In May, this publication reported that the Isle of Man Department for Enterprise had appointed Aidan Doherty as non-executive chair and Michael Crowe as chief executive to lead the Finance Isle of Man Executive Agency. Doherty has over 40 years' experience in the sector. Crowe is director at Grant Thornton. He has spent 27 years working on the Island.

Differing from other IFCs
The Isle of Man has competition with other international finance centres including Jersey and Guernsey (they are all Crown Dependencies) to become the offshore hub for the UK. However, it seems that Jersey has pulled out in front of the other IFCs, and the Isle of Man need to find a way to bridge the gap.

In December 2017, Jersey Finance reported that the net asset value of regulated funds under administration increased by £26 billion ($35 billion) to £291.1 billion during Q4 2017. Also, it logged that the total value of banking deposits held in Jersey increased by £6.5 billion to £118 billion. In 2012, EY reported that the Isle of Man’s financial sector was worth £1.1 billion.

Pickering spoke about the relationship the island has with other offshore finance centres, and how it tries to compete.

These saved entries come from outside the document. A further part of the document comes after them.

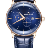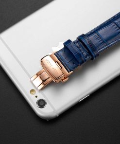 白色表盤,帶棒狀標(biāo)記。時、分、秒和日期顯示。這款奢華腕表的表盤 1 點鐘位置印有品牌標(biāo)識。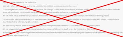 Автор отзыва рассказал очень важную информацию, которую можно использовать против лохотрона MiningSky в суде. Жулики нарушили несколько законов об авторских правах на своем интернет-сайте, а также заставляют поверить, что они связаны с другим майнинговым центром. Все это фикция для самопиара.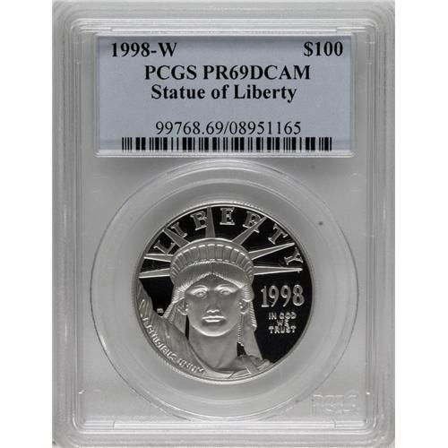 <B>1998-W P$100 One-Ounce Platinum Eagle PR69 Deep Cameo PCGS.</B></I> PCGS Population (906/9). NGC Census: (0/0). Mintage: 26,047. Numismedia Wsl. Price: $1,375. (#99768)<BR><BR><b>Shipping:</b> Coins & Currency (<a target="_blank" href="http://www.heritageauctions.com/common/shipping.php">view shipping information</a>)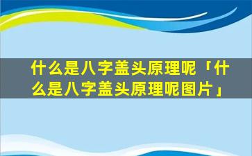 八字盖头原理是一个预测学中的概念,指八字中的,某 🐴 一,柱生旺而其他三柱虚弱或受克导致该 🦈 柱的五行旺气被遮掩。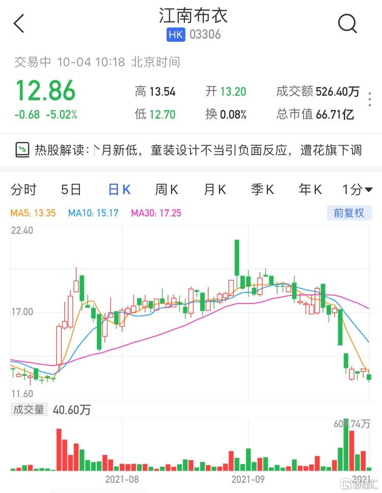 格隆汇10月4日丨江南布衣(3306.HK)低开低走,盘中低见12.7港元创7月14日以来逾2个月新低,现跌5.02%报12.86港元,最新市值66亿港元。花旗近日发报告指,料江南布衣30日内股价将跌,主要由于其童装设计存在问题而引起负面公众反应。虽然江南布衣已于社交平台小红书上致歉并收回有问题产品,并指相关系列为2017年款式,对收入影响轻微,但该行关注消费者对品牌感觉的后续影响,相信对其童装及整体品牌的季节性销售将造成影响。该行下调明年江南布衣销售预测,童装及整体品牌的销售增长自原先的12%分别下调至仅得1%及9%增长,每股盈利预测下调4%,目标价相应自20.5港元下调至19.5港元,惟因估值仍然吸引,评级维持“买入”。

“Although we are rivals with Jersey and Guernsey, we are friendly rivals,” Pickering said. “We do collaborate in a number of areas with the UK government. We do come up with initiatives to try and make sure we are not stagnant. The alternative banking regime will be one of those where we have come out with two new banking licenses. We should be about to name a big bank [coming] to the area soon – so this a big differentiator. We are the first international finance centre to regulate crowdfunding. We have the enterprise development scheme, which is the £50 million managed by Spark, that has delivered on around 12 investments. Another [initiative] we are looking at now is an independent paper on blockchain technology, digital currencies and ICOs to see if there are any opportunities with those sectors and financial sectors.”

The government official also discussed the island’s fund industry and what it was offering high net worth and ultra-high net worth individuals.

“We have one clear USP on the funds side, which we plan to promote much more this year. It is the Exempt Fund, which is not fully regulated. It was designed to be a family and friends fund with a maximum of 50 investors. It was meant for high net worth and ultra-high net worth individuals to give some family money to university graduates so as to keep them going in education. It is an interesting fund, and one we feel needs more promotion. It has a very low start cost and there are enough professional support people that can help set it up and help out.”

Pickering added: “The other thing that we need to get over on the funds side is that even if Cayman Islands or BVI are your domicile of choice, you can still get the fund administered in the Isle of Man, at a low cost in GMT. Sadly BVI suffered some bad storms recently, but you are in a safe jurisdiction to get your funds administered here. This is something we have to push in the next year."